* [Assignment]
Your task is to retype, exactly and only, the lines from the one containing "You can also" to the final line of the entries, leaving out all pictures.

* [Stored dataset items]
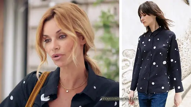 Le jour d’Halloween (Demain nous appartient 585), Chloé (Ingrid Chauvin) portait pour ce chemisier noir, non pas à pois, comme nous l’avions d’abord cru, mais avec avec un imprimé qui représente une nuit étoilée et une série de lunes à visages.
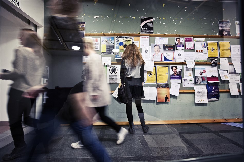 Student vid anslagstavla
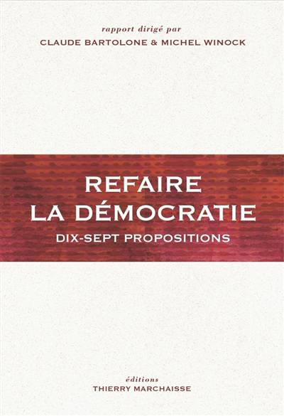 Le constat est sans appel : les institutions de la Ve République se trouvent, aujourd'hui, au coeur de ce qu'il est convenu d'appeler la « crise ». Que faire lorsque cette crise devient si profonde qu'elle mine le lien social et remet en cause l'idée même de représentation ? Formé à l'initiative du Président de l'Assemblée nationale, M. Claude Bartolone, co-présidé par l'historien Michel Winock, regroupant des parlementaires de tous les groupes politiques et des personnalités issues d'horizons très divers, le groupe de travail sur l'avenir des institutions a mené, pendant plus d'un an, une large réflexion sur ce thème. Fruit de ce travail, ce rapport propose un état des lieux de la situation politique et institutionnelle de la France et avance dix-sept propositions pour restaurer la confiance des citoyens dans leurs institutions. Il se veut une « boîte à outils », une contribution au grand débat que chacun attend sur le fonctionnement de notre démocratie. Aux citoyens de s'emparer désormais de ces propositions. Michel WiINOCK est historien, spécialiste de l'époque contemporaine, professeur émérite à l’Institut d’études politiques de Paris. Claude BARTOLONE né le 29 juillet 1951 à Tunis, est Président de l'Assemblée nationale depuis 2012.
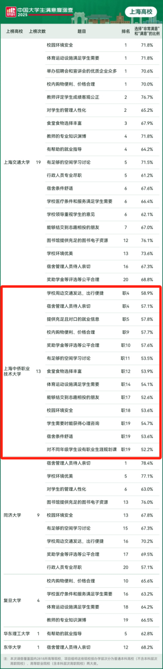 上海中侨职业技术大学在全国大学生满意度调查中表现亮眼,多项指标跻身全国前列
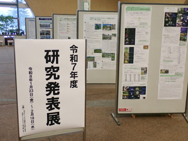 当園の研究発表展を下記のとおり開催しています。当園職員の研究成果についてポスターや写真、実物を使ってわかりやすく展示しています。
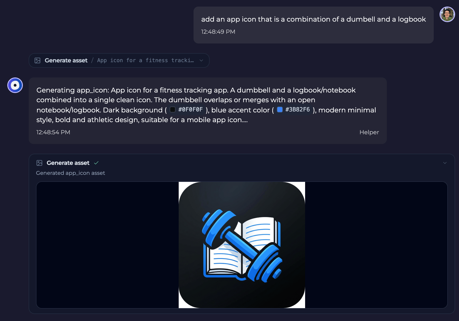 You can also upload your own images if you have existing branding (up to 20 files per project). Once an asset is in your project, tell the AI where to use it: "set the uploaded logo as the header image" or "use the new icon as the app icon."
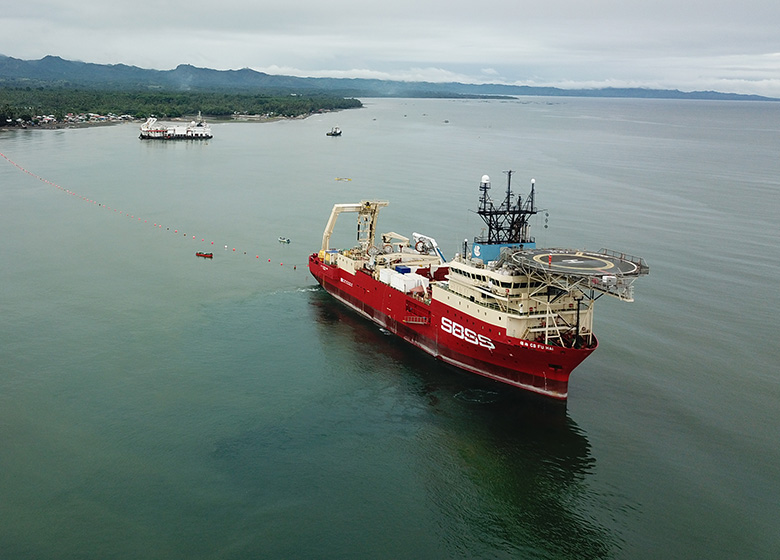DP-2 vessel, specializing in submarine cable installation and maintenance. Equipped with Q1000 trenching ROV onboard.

* [Response below]
 You can also upload your own images if you have existing branding (up to 20 files per project). Once an asset is in your project, tell the AI where to use it: "set the uploaded logo as the header image" or "use the new icon as the app icon."
DP-2 vessel, specializing in submarine cable installation and maintenance. Equipped with Q1000 trenching ROV onboard.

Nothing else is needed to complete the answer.